The following data shows a few lines from the file readings.txt (as used in in the Data Munging task).

The data comes from a pollution monitoring station with twenty four instruments monitoring twenty four aspects of pollution in the air. periodically a record is added to the file constituting a line of 49 white-space separated fields, where white-space can be one or more space or tab characters.

The fields (from the left) are:

 DATESTAMP [ VALUEn FLAGn ] * 24

i.e. a datestamp followed by twenty four repetitions of a floating point instrument value and that instruments associated integer flag. Flag values are >= 1 if the instruments is working and < 1 if their is some problem with that instrument in which case that instruments value should be ignored.

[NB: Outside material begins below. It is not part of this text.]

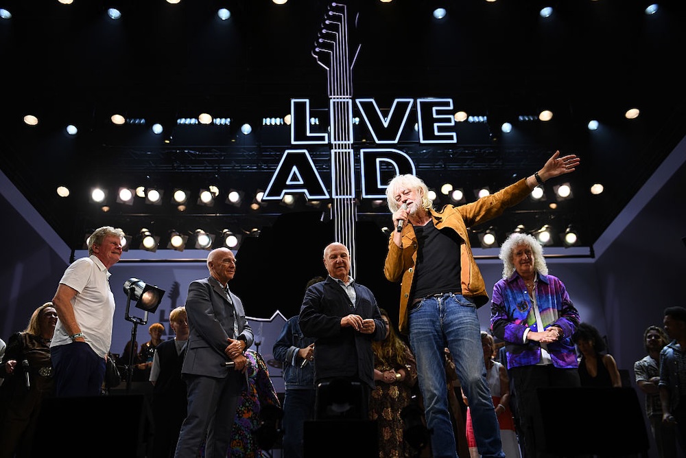 In July 1985, a vast array of mega-popular artists performed at Live Aid, a pair of massive benefit concerts held in London and Philadelphia and broadcast worldwide. Led Zeppelin reunited for the occasion, as did Black Sabbath. Teddy Pendergrass made his first public appearance after being paralyzed in a 1982 car crash. Phil Collins jumped on the Concorde so that he could perform at both concerts. U2's Live Aid performance is considered a key moment in their rise, and Queen's set was so legendary that it was recreated in the Oscar-winning film Bohemian Rhaposdy decades later. It was a big deal, and the whole thing happened to raise money for Ethiopian famine relief. Sunday was the 40th anniversary of Band Aid, and concert founders Bob Geldof and Midge Ure marked the occasion by reuniting with Queen guitarist Brian May.

A sample from the full data file readings.txt is:

1991-03-30	10.000	1	10.000	1	10.000	1	10.000	1	10.000	1	10.000	1	10.000	1	10.000	1	10.000	1	10.000	1	10.000	1	10.000	1	10.000	1	10.000	1	10.000	1	10.000	1	10.000	1	10.000	1	10.000	1	10.000	1	10.000	1	10.000	1	10.000	1	10.000	1
1991-03-31	10.000	1	10.000	1	10.000	1	10.000	1	10.000	1	10.000	1	10.000	1	20.000	1	20.000	1	20.000	1	35.000	1	50.000	1	60.000	1	40.000	1	30.000	1	30.000	1	30.000	1	25.000	1	20.000	1	20.000	1	20.000	1	20.000	1	20.000	1	35.000	1
1991-03-31	40.000	1	0.000	-2	0.000	-2	0.000	-2	0.000	-2	0.000	-2	0.000	-2	0.000	-2	0.000	-2	0.000	-2	0.000	-2	0.000	-2	0.000	-2	0.000	-2	0.000	-2	0.000	-2	0.000	-2	0.000	-2	0.000	-2	0.000	-2	0.000	-2	0.000	-2	0.000	-2	0.000	-2
1991-04-01	0.000	-2	13.000	1	16.000	1	21.000	1	24.000	1	22.000	1	20.000	1	18.000	1	29.000	1	44.000	1	50.000	1	43.000	1	38.000	1	27.000	1	27.000	1	24.000	1	23.000	1	18.000	1	12.000	1	13.000	1	14.000	1	15.000	1	13.000	1	10.000	1
1991-04-02	8.000	1	9.000	1	11.000	1	12.000	1	12.000	1	12.000	1	27.000	1	26.000	1	27.000	1	33.000	1	32.000	1	31.000	1	29.000	1	31.000	1	25.000	1	25.000	1	24.000	1	21.000	1	17.000	1	14.000	1	15.000	1	12.000	1	12.000	1	10.000	1
1991-04-03	10.000	1	9.000	1	10.000	1	10.000	1	9.000	1	10.000	1	15.000	1	24.000	1	28.000	1	24.000	1	18.000	1	14.000	1	12.000	1	13.000	1	14.000	1	15.000	1	14.000	1	15.000	1	13.000	1	13.000	1	13.000	1	12.000	1	10.000	1	10.000	1

The task:

  1. Confirm the general field format of the file
  2. Identify any DATASTAMPs that are duplicated.
  3. What number of records have good readings for all instruments.

AWK

A series of AWK one-liners are shown as this is often what is done. If this information were needed repeatedly, (and this is not known), a more permanent shell script might be created that combined multi-line versions of the scripts below.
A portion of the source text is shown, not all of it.